In this section, we present a brief explanation of our framework. Our aim is to improve the image representation. The rentability and efficiency of any CBIR system depends on the robustness of the image signature. Figure 2 presents our global framework. Our framework starts with parallel process: extraction visual features and extraction semantic information for both query and datasets. Then, we exploit the extracted information for two main uses: (i) Creation semantic signature (ii) Creation semantic histogram. To build a semantic signature, we incorporate the semantic information with the visual descriptors. Then, we check the resemblance between two images based on their semantic histograms and we compute the distance between the query and the selected candidates using L2 metric.

3.1 Semantic Signature

The most CBIR system describe the image as a vector of N unit. Bag of visual [8] words represent the image as a frequency histogram of vocabulary that are in the image. In deep learning, the image signature is a vector of N float extracted from the feature layer. In this work, we present a new idea to construct an image signature based on incorporation between semantic information and the visual features. We define the signature as a matrix of N * M float where the width N corresponds to the size of descriptor (SIFT 128) and the height M corresponds to the number of classes on which the network was trained. Figure 3 and algorithm 1 describes the different steps of our approach. The process of construction composed of three different steps: (i) Detection and extraction the visual features (ii) Extraction of semantic information (iii) Regrouping the keypoints by class label and computing their center. To compute the center of classes, for each class label on the image we select the set of keypoints that belongs and we apply for them the clustering algorithm (K-MEANS). Consequently, each class label will be presented by a vector of N float. Finally the image signature is composed of N center of clusters that represent the existing classes label in the image. It is not necessarily that the image contains all classes during the prediction. In this case, we assign a null vector for the missing classes.

3.2 Semantic Histogram

Except that the semantics provides us a class by label, we can also know the objects in the image and their proportion. We exploit this information to check the semantic similarity between the images. Then, we assume that if two images share the same classes label are then semantically similar otherwise the content of the images is different. Consequently, using the semantic information we can select the images which are similar in content with the query. In other side, we can neutral then penalize in the calculation step the dissimilar images with Sim ($I_{query}$,$I_{dataset}$) $\le \epsilon $. To deal with this problem, we proposed to construct for each image a semantic histogram. As shown in Fig. 4, we define the image as a vector of N unit contains the proportion of each class in the image. Then, we measure the semantic similarity between two images using equation (1).

$$\begin{aligned} Sim(query,candidate)=\sum _{i=0}^n| P_{query_i} - P_{dataset_i}| \end{aligned}$$

(1)

where P are the the proportion of a class in the image.
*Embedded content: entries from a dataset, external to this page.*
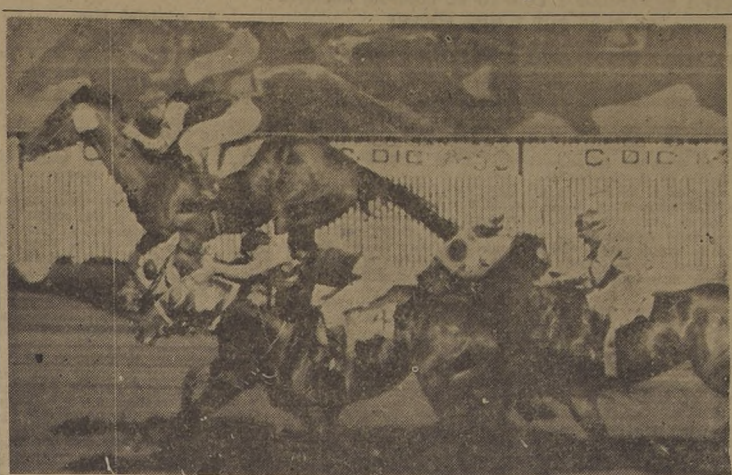
El mejor dividendo de la tarde se produjo en la quinta carrera, que correspondía a la mejor serie de los handicaps de velocidad. La victoria la obtuvo Horos, por medio pescuzejo sobre Agallido y Cambises, que llegaron separados por media cabeza. La hija de Afghan subrayó su triunfo con un sport de $ 228 por boleto.

El tercer lugar a dos y medio cuerpos lo obtuvo Tolón en avance final delante de Moriche y Talento que empataron el cuarto lugar. Último Penáscal.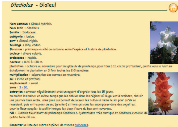
FIGURE 3 – Une fiche du site web http://nature.jardin.free.fr

textuelle est conforme à la représentation sémantique de la figure 2 : <nom latin> est retenu comme champ identifiant l'entité décrite dans chaque page; <nom commun>, <catégorie>, <feuillage>, etc. sont des élaborations de <nom latin> et fournissent des propriétés de cette entité. Sur la figure 3, le concept Gladiolus est défini par des relations avec d'autres concepts : Gladiolus aCatégorie bulbe, Gladiolus fleuritEn printemps, Gladiolus aForme-Feuillage long, etc. ; ou par des propriétés avec des valeurs : Gladiolus aHauteur « 0.60-1.40 », Gladiolus aNomCommun « Glaïeul hybride », etc. Lorsque le contenu d'un champ est une liste de syntagmes, soit la même relation est distribuée sur tous les items de la liste (e.g. fleuritEn dans <floraison>), soit plusieurs relations spécifiques s'appliquent sur ces items (e.g. <feuillage> contient des informations sur la forme et sur la persistance du feuillage, ce qui conduit à définir deux types de relations : aFormeFeuillage et aPersistanceFeuillage).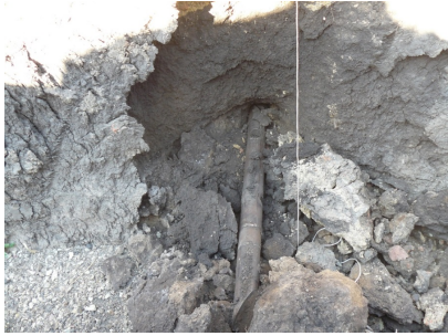
Рис. 3. Заміри відхилення руху головки з асиметричним наконечником на виході в приймальному котловані

The main advantage of the checking phase is makes us able to increase the CBIR accuracy by keeping only the images that have the same semantic content with the query and to penalize the rest that consider semantically different (Fig. 5).

4 Experimental Results

4.1 Benchmark Datasets for Retrieval.

Table 1. Database used to evaluate of approach

Full size table

In this section, we present the potential of our approach on four different datasets (Table 1). Our goal is to increase the CBIR accuracy and reduce the execution time. To evaluate our proposition, we test on the following datasets:

MSRC v1^{Footnote 1} (Microsoft Research in Cambridge) which has been proposed by Microsoft Research team. MSRC v1 contains 241 images divided into 9 categories. The evaluation on MSRC v1 is based on MAP score (mean average precision)
MSRC v2^{Footnote 2} (Microsoft Research in Cambridge) contains 591 images included MSRC v1 dataset and divided into 23 categories. The evaluation on MSRC v2 is based on MAP score (mean average precision)
Corel 1000 [27] or Wang is a dataset of 1000 images divided into 10 categories and each category contains 100 image. The evaluation computed by the average precision of the first 100 nearest neighbors among 1000.
Linnaeus [6] is a collection of 8000 images of 4 categories (berry, bird, dog, flower). The evaluation on Linnaeus is based on MAP score (mean average precision).

4.2 Performance Metrics

In content based image retrieval (CBIR) the most used evaluate measures is the precision. The precision P is the number of relevant images found compared to the total number of images proposed for a given query.

$$\begin{aligned} P(I_k)=\sum _{j=1}^{K}\frac{I_j}{K} \end{aligned}$$

(2)

where k is the number of retrieved images.

In the multi-class case

$$\begin{aligned} A_v=\frac{1}{M_v} \sum _{k=1}^{M_v}P(I_k) \end{aligned}$$

(3)

$$\begin{aligned} mAP=\frac{1}{S} \sum _{k=1}^{S}A_v \end{aligned}$$

(4)

where $M_v$ is the number of classes and S is the number of queries.

4.3 Benchmark Datasets for Semantic Segmentation

Many semantic segmentation datasets have been proposed in the last years such as Cityscapes [7], Mapillary [16], COCO [14], ADE20K [29], Coco-stuff [5], Mseg [13] and others. The semantic representation is divided into two main categories: Stuff and Things. Things objects have characteristic shapes like vehicle, dog, computer... . Stuff is the description of amorphous objects like sea, sky, tree,... . Therefore, the semantic segmentation datasets are divided into three main categories: (i) Stuff-only (ii) Thing-only (iii) Stuff and Things. To obtain a robust prediction, we use the recent implementation HRNet-W48 [24] architecture trained on Coco-stuff [5] and Mseg [13] datasets. The main advantage of using Coco-stuff [5] and Mseg [13] datasets is that they are able to predict for both thing and stuff with high number of class predicted for an image.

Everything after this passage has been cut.